Availability and Implementation: LongISLND is implemented in Java and available at http://bioinform.github.io/longislnd
Contact: hugo.lam@roche.com
Supplementary information: Supplementary data are available at Bioinformatics online.
1 Introduction
LongISLND is a software package designed to emulate third-generation single-molecule sequencing (SMS) technologies (Eid et al., 2009; Jain et al., 2015; Kumar et al., 2012; Ventra, 2013). Development, deployment and adoption of new sequencing technologies can be accelerated by proof-of-concept downstream analyses using simulated data, avoiding expensive and laborious experiments. Such analyses, for example, include alignment (BLASR/GraphMap), error correction and variant calling (Quiver/PBHoney/Nanopolish) and genome assembly (MHAP/Falcon/MiniASM) (Berlin et al., 2015; Chaisson and Tesler, 2012; Chin et al., 2013; English et al., 2014; Li, 2016; Loman et al., 2015; Pendleton et al., 2015; Sovic et al., 2016). Development of SMS can be further accelerated by testing with realistic simulation of various chemistries and use cases.
To date, simulation has been hampered by the lack of a realistic yet versatile long-read simulator. For example, PBSIM (Ono et al., 2012) generates only the FASTQ data format, without the multi-pass mechanism or additional per-base probability and kinetic data required by downstream analysis tools. The Alchemy simulator in the BLASR package (Chaisson and Tesler, 2012) is unmaintained and generates data for an older PacBio format incompatible with modern downstream analysis tools. In addition to practical usability issues, a general concern is that the simulators are tailored to a particular chemistry of a particular sequencing technology, resulting in idealized error models which might not capture true error characteristics.

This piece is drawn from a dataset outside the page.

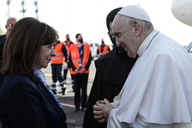 Ο υπουργός Μετανάστευσης και Ασύλου Νότης Μηταράκης, υποδέχθηκε στο προσωρινό Κέντρο Υποδοχής και Ταυτοποίησης της Λέσβου, στον Καρά Τεπέ (Μαυροβούνι) της Μυτιλήνης, την Πρόεδρο της Ελληνικής Δημοκρατίας Κατερίνα Σακελλαροπούλου και τον Προκαθήμενο της Ρωμαιοκαθολικής Εκκλησίας Πάπα Φραγκίσκο.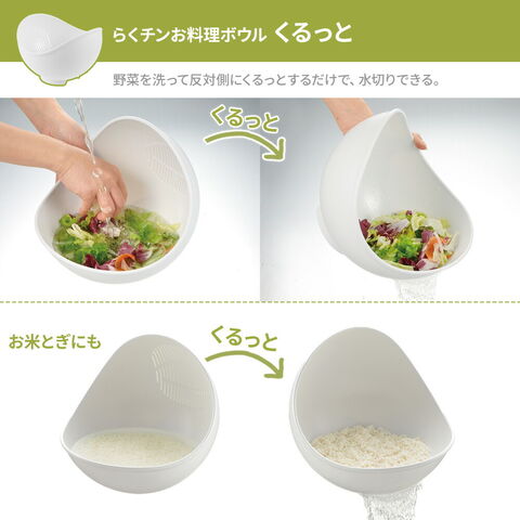 1台2役、らくチンお料理ボウル「くるっと」サラダを洗ったあと、逆側のスリットで水切りができて、そのままドレッシングで和えることもできます。

These issues have been addressed by our new software package LongISLND. The method is designed to be independent of the underlying sequencing mechanism. The implementation is polymorphic with respect to output file formats. We train our software for multiple PacBio chemistries, instantiate output for multiple file formats, then demonstrate its utility by VarSim (Mu et al., 2014) evaluation of PacBio’s latest CCS2 consensus builder (https://github.com/PacificBiosciences/pbccs) and of various germline and somatic variant callers for PacBio reads.
2 Methods
A sequencing experiment generates multiple reads, each a series of basecalls based on an optimally tuned combination of chemistry, sequencing and primary analysis. Bioinformaticians pay most attention to the quality of the resulting basecalls. To remain platform-agnostic, LongISLND uses a learn-and-simulate approach detailed in the Supplementary Material. Briefly, real data is aligned to truth sequences. The alignment records are then analyzed to extract a non-parametric model, from which error profile can be extracted and according to which simulation is performed for a set of target sequences, such as a genome (Supplementary Fig. S1). The learning step records samples for a given set of real data, forming an empirical model. The software architecture allows for sampling highly customizable features; for instance, data in the popular FASTQ format may sample basecalls and quality values (QV), but additional features may be sampled as well. For example, with PacBio data the architecture supports the inclusion of the Phred probability of a base being an insertion (Qins), the Phred probability of the previous base having been deleted (Qdel), the most probable deleted base (tagdel), the Phred probability of the last base having been combined with current base (Qmerge), the Phred probability of the current base being a substitution (Qsub), the most probable substituted base (tagsub), the overall Phred quality value (QualityValue) and the separation between two signal pulses (IDP). To the best of our knowledge, PacBio’s QualityValue feature correlates with the probability of no ins/del/sub/merge and is used as the QV in the FASTQ format.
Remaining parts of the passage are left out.